The array of the mysterious crab shells on the kitchen wall seemed to be more appealing than Confucius to Xiaoguo, who had never tasted a crab before.
“What does a crab taste like, Grandpa?”
It was an impossible mission for the retired teacher. There’s no tasting a crab without putting it into your mouth. Aiguo adored his grandson, and as Confucius says, “You have to do what you should do, even though it’s impossible to do so.” Finally, Aiguo managed to demonstrate how delicious a crab could be by concocting a special crab sauce of black vinegar, sugar, ginger slice, and soy sauce.
“It’s somewhat like that,” Aiguo said, letting Xiaoguo dip a chopstick into the sauce and suck on the tip, “but much better.”

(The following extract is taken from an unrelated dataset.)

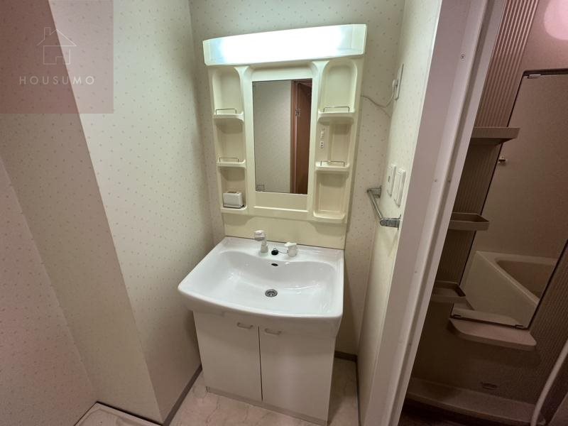脱衣室には洗濯機置き場と独立洗面台が備わっており、ワンルームながらも使い勝手の良い設計が魅力です。朝の身支度や夜のスキンケアもゆったり行える広さで、清潔感のある空間が保たれています。洗濯動線もスムーズで、バスルームとの行き来がしやすく、日々の家事が効率的にこなせます。ひとり暮らしでも快適に過ごせるよう配慮された間取りがうれしいポイントです。
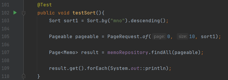 mno필드의 값을 역순으로 정렬하도록 Sort.by(필드).desending()하여 PageRequest 파라미터로 전달

Unexpectedly, that experiment developed for Aiguo into an ongoing pursuit of a way to satisfy the crab-craving. All the crab-rich memories had come back to him the moment that the chopstick tip touched his own tongue. He pushed the experiment further by stir-frying the egg yolk and white separately in a wok and mixing them with the special sauce. It resulted in a special dish richly redolent of the celebrated Fried Crab Meat at Wangbaoh restaurant. And to his surprise, small shrimp or dried tofu dipped in the special sauce could occasionally produce a similar effect too. On those days when he could not find anything in the refrigerator, which was under the strict surveillance of his daughter-in-law, he would simply dip the chopsticks in and out of the special sauce, sipping at his yellow wine, and chewing the ginger slices.
Needless to say, all the experiments added to the curiosity of the close-observing Xiaoguo.
“Living in a poor lane, and dipping in nothing but the crab sauce, one still enjoys life,” Aiguo said, seemingly absorbed in Confucius again, to his bewildered grandson. “Confucius says something very close to that about one of his best students.”
One day, on the way to school, Xiaoguo passed by a new house with the door open and caught sight of people busy making huge banquets of sacrifice to their ancestors. It had to be a rich family, with so many luxurious cars parked in front, and with scripture-chanting monks engaged from a Buddhist temple too. He could not help taking a closer look. To his surprise, he saw a crab scurrying out of the door to the sidewalk. It must have escaped from the kitchen in the midst of the hustle-bustle. No one paid attention to it. So Xiaoguo took off his hat and, like a streak of lightning, picked up the vicious-looking crab. Instead of going to school, he ran back home, prepared the special sauce after a fashion, and boiled the crab. After devouring it without really tasting it, he painted a multicolored face on the crab shell with a Chinese character beneath it — swear. He hung the shell like a primitive mask on the wall. When Aiguo came back, seeing the mask, and learning the story from Xiaoguo, who was still washing his hat in the sink, he snapped and slapped his grandson in fury.